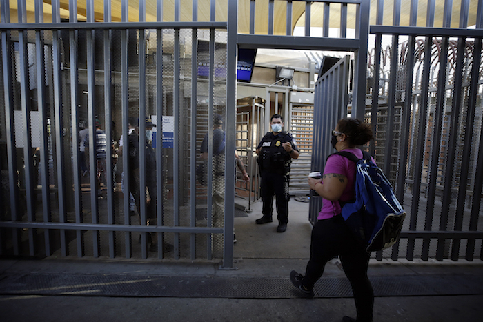 “Todo el mundo le teme a la pandemia, pero hay que cruzar”, dijo García después de mostrar sus documentos a los inspectores del servicio de inmigración al final de un corredor. “Hay que sobrevivir”.
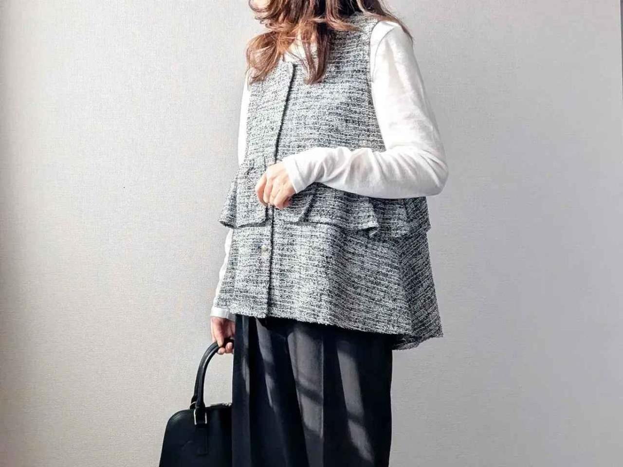 ふんわりフリルが華やかなムードを演出するジレ。インスタグラマーの@marino12131さんが「体型が変わっても着られそうなデザイン」とコメントしているように、後ろが長めのヘムデザインで体のラインを拾いにくいのが魅力。細かなチェック柄でほどよくきちんと感があり、セレモニーシーンにもなじみやすく、シックなパンツで上品に、デニムパンツでカジュアルにも着回せます。
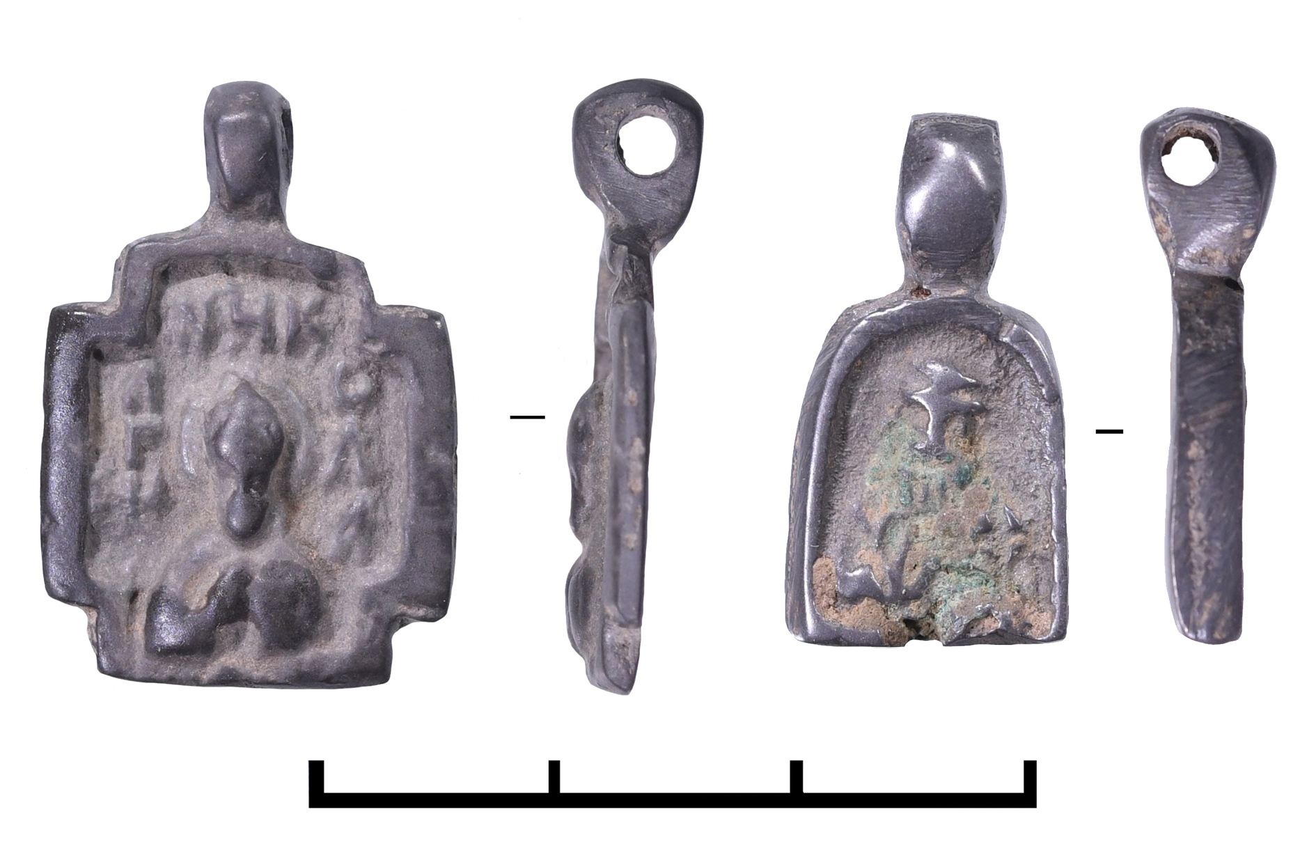 Другим важнейшим объектом исследований 2025 г. был ров, выкопанный перед древо-земляной стеной. В конце XIV в. ров отгородил площадку детинца города, на которой размещались богатые усадьбы, принадлежавшие, вероятно, военно-служилой аристократии. В 2024 г. на территории одной из таких усадеб в комплексе XIV в. были найдены 2 миниатюрные нательные иконки из медных сплавов с рельефными изображениями святых. На одной из иконок сохранилась кириллическая надпись, поясняющая, что на ней изображен св. Николай, почитание которого было широко распространено в Рязанской земле.
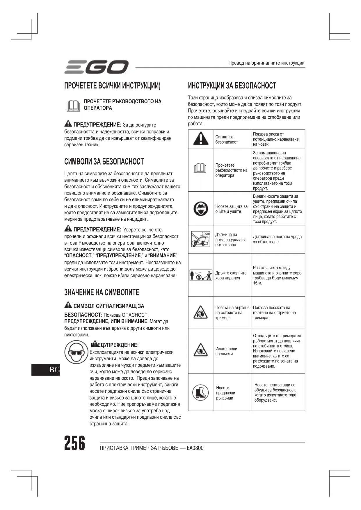 ПРОЧЕТЕТЕ ВСИЧКИ ИНСТРУКЦИИ) ПРОЧЕТЕТЕ РЪКОВОДСТВОТО НА ОПЕРАТОРА ПРЕДУПРЕЖДЕНИЕ: За да осигурите безопасността и надеждността, всички поправки и подмени трябва да се извършват от квалифициран сервизен техник. СИМВОЛИ ЗА БЕЗОПАСНОСТ Целта на символите за безопасност е да превличат вниманието към възможни опасности. Символите за безопасност и обясненията към тях заслужават вашето повишено внимание и осъзнаване. Символите за безопасност сами по себе си не елиминират каквато и да е опасност. Инструкциите и предупрежденията, които предоставят не са заместители за подходящите мерки за предотвратяване на инцидент. ПРЕДУПРЕЖДЕНИЕ: Уверете се, че сте прочели и осъзнали всички инструкции за безопасност в това Ръководство на оператора, включително всички известяващи символи за безопасност, като “ОПАСНОСТ,” “ПРЕДУПРЕЖДЕНИЕ,” и “ВНИМАНИЕ” преди да използвате този инструмент. Неспазването на всички инструкции изброени долу може да доведе до електрически шок, пожар и/или сериозно нараняване. ЗНАЧЕНИЕ НА СИМВОЛИТЕ СИМВОЛ СИГНАЛИЗИРАЩ ЗА БЕЗОПАСНОСТ: Показва ОПАСНОСТ, ПРЕДУПРЕЖДЕНИЕ, ИЛИ ВНИМАНИЕ. Могат да бъдат използвани във връзка с други символи или пиктограми. ПРЕДУПРЕЖДЕНИЕ: Експлоатацията на всички електрически инструменти, може да доведе до изхвърляне на чужди предмети към вашите очи, което може да доведе до сериозно нараняване на окото. Преди започване на работа с електрически инструмент, винаги носете предпазни очила със странична защита и визьор за цялото лице, когато е необходимо. Ние препоръчваме предпазна маска с широк визьор за употреба над очила или стандартни предпазни очила със странична защита. ИНСТРУКЦИИ ЗА БЕЗОПАСНОСТ Тази страница изобразява и описва символите за безопасност, които може да се появят по този продукт. Прочетете, осъзнайте и следвайте всички инструкции по машината преди предприемане на сглобяване или работа.Сигнал за безопасностПоказва риска от потенциално нараняване на човек.Прочетете ръководството на оператораЗа намаляване на опасността от нараняване, потребителят трябва да прочете и разбере ръководството на оператора преди използването на този продукт.Носете защита за очите и ушитеВинаги носете защита за ушите, предпазни очила със странична защита и предпазен екран за цялото лице, когато работите с този продукт. 20cm Дължина на ножа на уреда за обкантванеДължина на ножа на уреда за обкантване 15m Дръжте околните хора надалечРазстоянието между машината и околните хора трябва да бъде минимум 15 м.Посока на въртене на острието на тримераПоказва посоката на въртене на острието на тримера.Изхвърлени предметиОтпадъците от тримера за ръбове могат да повлияят на стабилната стойка. Използвайте повишено внимание, когато се разхождате по зоната на подрязване.Носете предпазни ръкавициНосете неплъзгащи се обувки за безопасност, когато използвате това оборудване.Превод на оригиналните инструкцииПРИСТАВКА ТРИМЕР ЗА РЪБОВЕ — EA0800 257
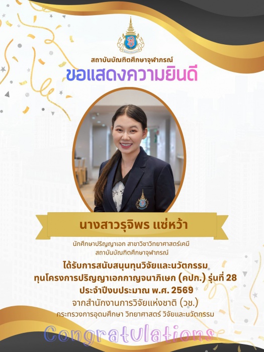 สถาบันบัณฑิตศึกษาจุฬาภรณ์ ขอแสดงความยินดีกับนางสาวรุจิพร แซ่หว้า นักศึกษาระดับปริญญาเอก สาขาวิชาวิทยาศาสตร์เคมี ได้รับสนับสนุนทุนวิจัยและนวัตกรรม ทุนโครงการปริญญาเอกกาญจนาภิเษก (คปก.) รุ่นที่ 28 ประจำปีงบประมาณ พ.ศ. 2569
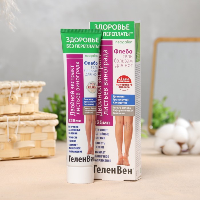 Гель-бальзам "Вен Флебогель" с двойным экстрактом листьев винограда помогает укрепить сосуды, снять усталость и тяжесть в ногах, а также улучшить состояние кожи. Попробуйте этот гель-бальзам для облегчения нагрузки на ноги и достижения ощущения свежести и комфорта.
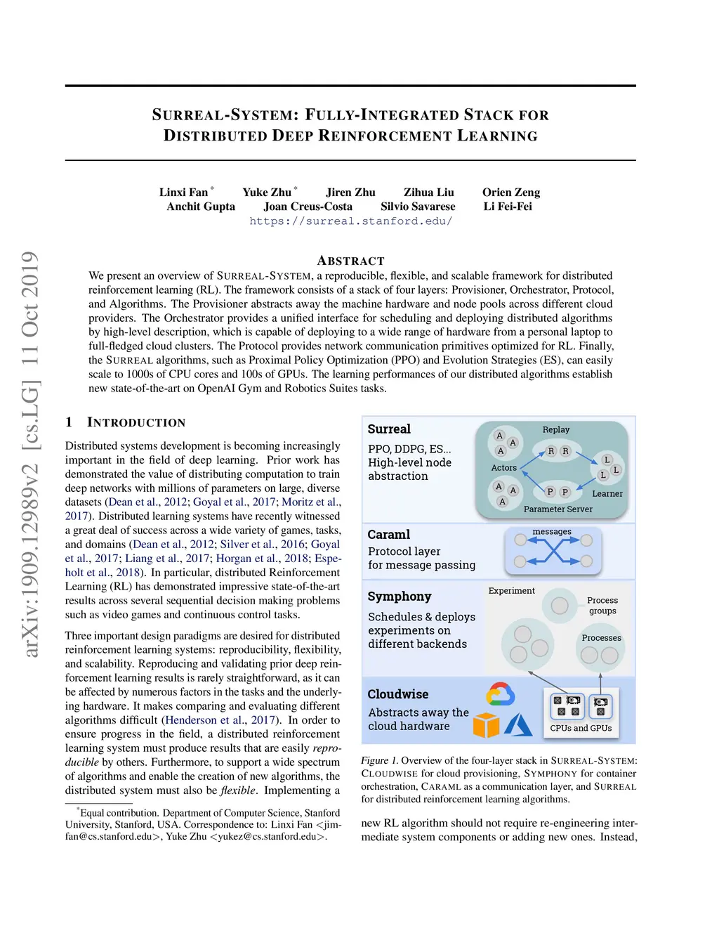 We present an overview of SURREAL-System, a reproducible, flexible, and scalable framework for distributed reinforcement learning (RL). The framework consists of a stack of four layers: Provisioner, Orchestrator, Protocol, and Algorithms. The Provisioner abstracts away the machine hardware and node pools across different cloud providers. The Orchestrator provides a unified interface for scheduling and deploying distributed algorithms by high-level description, which is capable of deploying to a wide range of hardware from a personal laptop to full-fledged cloud clusters. The Protocol provides network communication primitives optimized for RL. Finally, the SURREAL algorithms, such as Proximal Policy Optimization (PPO) and Evolution Strategies (ES), can easily scale to 1000s of CPU cores and 100s of GPUs. The learning performances of our distributed algorithms establish new state-of-the-art on OpenAI Gym and Robotics Suites tasks.

• • • •

__REQUIREMENT__: With pictures omitted, copy exactly the lines from the one containing "свежести и комфорта." through the final line of the listing, both included.

__THE ANSWER__:
 Гель-бальзам "Вен Флебогель" с двойным экстрактом листьев винограда помогает укрепить сосуды, снять усталость и тяжесть в ногах, а также улучшить состояние кожи. Попробуйте этот гель-бальзам для облегчения нагрузки на ноги и достижения ощущения свежести и комфорта.
 We present an overview of SURREAL-System, a reproducible, flexible, and scalable framework for distributed reinforcement learning (RL). The framework consists of a stack of four layers: Provisioner, Orchestrator, Protocol, and Algorithms. The Provisioner abstracts away the machine hardware and node pools across different cloud providers. The Orchestrator provides a unified interface for scheduling and deploying distributed algorithms by high-level description, which is capable of deploying to a wide range of hardware from a personal laptop to full-fledged cloud clusters. The Protocol provides network communication primitives optimized for RL. Finally, the SURREAL algorithms, such as Proximal Policy Optimization (PPO) and Evolution Strategies (ES), can easily scale to 1000s of CPU cores and 100s of GPUs. The learning performances of our distributed algorithms establish new state-of-the-art on OpenAI Gym and Robotics Suites tasks.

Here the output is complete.